Cities on The Iberian Peninsula:  Malaga, Cadiz, A Coruna in Spain, and Lisbon in Portugal

2023 HAL World Cruise

Saturday to Monday, April 8-10, 2023

And Wednesday, April 12, 2023

The Iberian Peninsula is an interesting and historic area.  It is the westernmost section of the European continent.  It lies between the Mediterranean Sea and the Atlantic Ocean.  It is separated from France by the snow-capped Pyrenees Mountains.  There are two tiny independent countries and two large, heavily populated countries on the peninsula:  Andorra, at the Northeast, is a landlocked country in the Pyrenees nestled between Spain and France.  It is known for its great skiing; Gibraltar, at the South, is an overseas territory of the United Kingdom and has been a UK stronghold since the days of Napoleon.   Portugal is the smaller of the two major countries and Spain is the larger.  We went to Spain first…..

…..specifically to the city of Malaga on the Mediterranean Sea:

Malaga is in the autonomous community of Andalusia on the Costa del Sol of the Mediterranean Sea (about 60 miles east of the Strait of Gibraltar and 80 miles north of Africa.) The beautiful yacht in this photo is the Octopus (originally built for Paul Allen/now owned by someone else) that we passed on our way to the dock. We mention this to make the point that Malaga is a “playground” of the rich and famous.
The pedestrian walkway from the dock to the downtown area is filled with restaurants and boutiques.

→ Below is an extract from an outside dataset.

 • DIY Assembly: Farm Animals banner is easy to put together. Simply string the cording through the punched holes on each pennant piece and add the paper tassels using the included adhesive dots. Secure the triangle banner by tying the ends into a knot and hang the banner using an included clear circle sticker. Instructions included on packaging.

Passengers are not required to walk this promenade. A shuttle bus will take them to the downtown area; and this time, we took the shuttle. But we have walked this in the past and found that it is entirely possible to happily spend a day here eating, drinking and shopping!!!
Our plan for the day was to SHOP at the El Corte Engles department store.
While Sandy went shopping, Roger went to the rooftop café where he ordered his morning cappuccino and biscotti.
Now, Sandy is a sucker for Iberian Ham and the El Corte Gourmet Shop has a nice selection, but experience has proven that even when you have the proper certification this meat may still be confiscated by United States Customs. This time, we purchased none!!!
Apparently not having bought enough at the department store, we went on to check out the Mercado.
But we were here on a weekend and it was very busy. So we moved on.
We found a lovely square and stopped to have lunch at La Cueva de 1900. Then after a little more shopping, we headed back to the ship.

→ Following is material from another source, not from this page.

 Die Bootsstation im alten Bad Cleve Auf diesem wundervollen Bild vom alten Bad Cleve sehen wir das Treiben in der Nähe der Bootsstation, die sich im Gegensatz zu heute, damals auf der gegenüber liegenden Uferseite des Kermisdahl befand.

Our next port was Cadiz, Spain:

Cadiz is such a convenient port–right in the center of town. And Cadiz is an easy city to explore on foot.
We were here on Easter Sunday. Lucky us, there was a market set up in he Plaza!!!
Even more fortunate, many merchants took the opportunity for additional sales and opened!!! It was all very festive. From the Plaza de San Juan de Dios, the old town streets open to the commercial area. The shopping goes on forever!!!
Before we took a walking tour of the waterfront, we stopped for a libation at the La Barra Cerveceria.
At Cervecería La Barra, the wine was white and dry; the beer was Estrella Galicia. (photo courtesy of Shirley Nairn)
We think these are Calle Plocia Lilac Trees. Aren’t they beautiful!!!
And here we are along the waterfront. The ramparts are part of the old city wall and fortress.
As we walked back to the ship, we came across these cannons that date back to the Napoleonic Wars.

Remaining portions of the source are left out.